Great catch! I think we currently don't have a path accessor for it, so I think that's the same thing as uns

Nested AnnData in uns. The repr handles AnnData objects found inside uns values, with depth tracking to prevent infinite recursion. fold doesn't recurse into nested AnnData within uns, so that use case wouldn't be covered.

Phil brought this up in a call on Friday as well, not sure (again) what is to be done

The main prerequisite would be that fold supports distinguishing "entering a section" from "visiting a leaf within it."

I'm not sure I follow this line of thinking fully - why can't you distinguish between these two now? If you are doing pre order, you know you enter a section when you see the reference to obs or varp etc. No? Why do you need an exit signal as well?

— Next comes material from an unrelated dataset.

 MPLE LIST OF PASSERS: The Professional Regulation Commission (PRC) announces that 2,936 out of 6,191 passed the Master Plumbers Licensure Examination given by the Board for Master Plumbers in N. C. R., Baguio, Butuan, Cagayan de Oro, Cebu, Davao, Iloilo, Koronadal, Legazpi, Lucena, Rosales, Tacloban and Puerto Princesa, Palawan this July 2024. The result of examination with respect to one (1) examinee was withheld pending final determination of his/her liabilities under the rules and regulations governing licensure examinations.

If the underlying element-level check were factored into a shared utility, something like can_write_elem(obj, store_type=) -> tuple[bool, str], both use cases could build on it: can_write would fold with all(...), and the repr would call it per-entry to get the reason string for its warning icon. I'd be happy to contribute to making that work if it's a direction you'd consider.

That could make sense. Once you merge this into your PR we can refactor this if needed + work out more kinks

ilan-gold · 2026-03-23T12:54:29Z

src/anndata/_core/anndata.py

-
-        sizes = {}
-        attrs = ["X", "_obs", "_var"]
-        attrs_multi = ["_uns", "_obsm", "_varm", "varp", "_obsp", "_layers"]

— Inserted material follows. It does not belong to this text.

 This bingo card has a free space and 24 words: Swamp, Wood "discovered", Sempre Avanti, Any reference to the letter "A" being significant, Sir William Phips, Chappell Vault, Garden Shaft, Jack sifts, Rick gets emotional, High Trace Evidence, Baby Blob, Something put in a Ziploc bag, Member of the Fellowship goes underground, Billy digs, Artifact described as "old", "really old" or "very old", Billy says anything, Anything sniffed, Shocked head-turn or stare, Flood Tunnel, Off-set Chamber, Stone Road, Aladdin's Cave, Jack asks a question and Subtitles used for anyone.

FWIW this never handled raw anyway

ilan-gold · 2026-03-23T15:56:57Z

See the reduce docs for more info but we can now visit + introspect said visits to .raw and .uns. Aside from that, things should be clearer now:

__sizeof__ now actually visits raw and does more than __sizeof__ on uns (which as I understand, doesn't actually visit the values of that dict)
fold -> reduce
Docs added with clear explanation of how the accumulation can be used for introspection
Tests added that explicitly check the traversal in show_stratified of all elements

katosh · 2026-03-23T17:35:29Z

Hi @ilan-gold, thanks for the updates! The rename to reduce, the raw/uns support, the docs, and the traversal tests are all great improvements. Really nice to see __sizeof__ now covering raw properly too.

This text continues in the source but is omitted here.